Ну ты подумай — едва мрак сгустился окончательно, Провидение устраивает замыкание — статататах! свет гаснет, остается лишь тусклеющее красное зарево на бритых щеках и подбородках двух игроков, что съежились пред опустошительным танцем-манданцем, соленоид шугается и умолкает, хромированный шарик же, освободившись, катится, травмированный, обратно к утешенью дружества.

— Они все такие?

— Ох как же меня отымели, — стонет Альфонсо Трейси.

— Как дато, так и взято, — утешает Елейн, и тут мы получаем репризу «Светлых дней для черного рынка» Герхардта фон Гёлля — с поправкой на время, цвет и место:

 

Доллар всег-да — из того же теста!

Как бы ни крути-лось,

Но если не случи-лось —

Проснись-в, росистой траве,

Попцу надери — или две…

Доллар сделать можно престо,

Это непло-хой-на-каз:

В пирамиде третий глаз

Ну давай моргать: «Здесь главное — не спать!»

 

Была б охота — пойдет работа,

Хоть и не всякий день до пота,

Но коли всё-с-умом, ночным товар-ня-ком

Мечты не усвистают с ветерком, пом-пом…

 

Подкинь еще монетку:

Чего там выбирать —

Тут можно проиграть, но

Войне конца и края нет, ага,

А путеводных есть монет, уу-да!

 

Все эти аутфилдеры в мешковатых штанах, клецки в хаки, уже угомонившиеся канканёрки и тем более усмиренные купающиеся красотки, ковбои и индейцы из сигарных лавок, лупоглазые негры, оборванцы с тележками яблок, салонные хлыщи и королевы экрана, шулеры, клоуны, окосевшая пьянь под фонарями, воздушные асы, капитаны катеров, белые охотники на сафари и негроидные обезьяны, толстяки, повара в поварских колпаках, евреи-ростовщики, деревенщина с кувшинами пойла высшего качества, кошки собаки и мышки из комиксов, боксеры-профи и скалолазы, звезды радио, карлики, уродцы десять-в-одном, железнодорожные скитальцы, танцоры-марафонцы, свинговые оркестры, светские гуляки, скаковые лошади с жокеями, жиголо, таксисты из Индианаполиса, моряки в увольнении и полинезийки в травяных юбках, жилистые олимпийские бегуны, магнаты, а у магнатов мешки, изрисованные долларами, — все они подхватывают грандиозный второй припев, все табло всех пинболов мигают яркими красками, отдающими кислотой, машут флипперы, звонят колокольчики, из монетоприемников тех, что поэнергичнее, льются никели, всякий звук и мах в этом сложном ансамбле точно на своем месте.

Перед храмом околачиваются представители чикагской организации, играют в морру, хлещут канадские купажи из серебряных фляжек, смазывают и чистят.38-е и, в общем и целом, ведут себя отвратительно, как им и полагается по национальности: в каждой наглаженной складке, в каждой щеке, затененной щетиной, — Папская непостижимость.
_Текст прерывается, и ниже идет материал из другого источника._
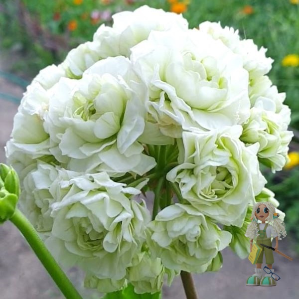 Midori Buke – розебудная пеларгония японской селекции с фантастически красивыми цветами – это белоснежные пышные розочки с нежным зеленоватым отблеском, которые смотрятся очень эффектно и выразительно.

Не угадаешь, лежит ли в неких деревянных конторских шкафах комплект подлинных синек, где говорится, как именно подлечили все эти пинболы, — намеренно симулировав случайность, — или же это случилось поистине наобум, сохранив нам, по крайней мере, веру в Неполадку, каковая по-прежнему Им неподвластна… веру в то, что каждая машина наособицу, лишь по простоте душевной съехала с катушек после тысяч ночей в придорожных забегаловках, апокалиптических гроз в Вайоминге, что обрушиваются тебе прямиком на непокрытую голову, амфетаминов на бензоколонках, табачного дыма, что когтями скребет под веками, самоубийственных рывков хоть за каким-то выходом из того навоза, что, не прерываясь, льет на тебя весь год… это что же, игроки, вечно чужие, порознь, по одиночке вызвали к жизни всякую из этих сбрендивших машин? поверьте: они потели, пинались, плакали, колотили, навсегда теряли равновесие — единая Мобильность, о которой вы и слыхом не слыхивали, единство, не осознающее себя, молчанье, кое энциклопедические истории обходительно заполнили учреждениями, инициалами, делегатами и дефицитами так, что мы их уже и не отыщем… но в данный миг, посредством театральной показухи Мафии-с-Масонами, она сосредоточилась здесь, в глубине губогармонского храма — элегантный хаос, дабы подорвать изобретательность купленного Елейном спеца, Вспыхивающего Серебром Берта Фибеля.

В последний раз мы видели Фибеля, когда он цеплял, натягивал и подбирал амортизационные шнуры Хорсту Ахтфадену во времена планеризма, — Фибель этот оставался на земле и провожал друга в Пенемюнде — провожая его? не ломтик ли это добавочной паранойи, не вполне оправданной, к тому же — ну, если желаете, назовите это К Делу Об Участии Елейна Еще И В Ахтфадене. Фибель работал на «Сименс», еще когда тот входил в трест Штиннеса. Не только им конструировал, но и подрабатывал сбором данных для Штиннеса. Кроме того, никуда не делись прежние привязанности к «Vereinigte Stahlwerke»[341], хотя сейчас Фибелю случилось работать на заводе «Генеральной электрики» в Питтсфилде, Массачусетс. В интересах Елейна держать агента в Беркширах — угадайте зачем? Ага! присматривать за отроком Энией Ленитропом — вот зачем. Спустя почти десять лет после заключения первоначальной сделки «ИГ Фарбен» по-прежнему считает, что для наблюдения за юным Ленитропом легче держать субподрядчиком Лайла Елейна.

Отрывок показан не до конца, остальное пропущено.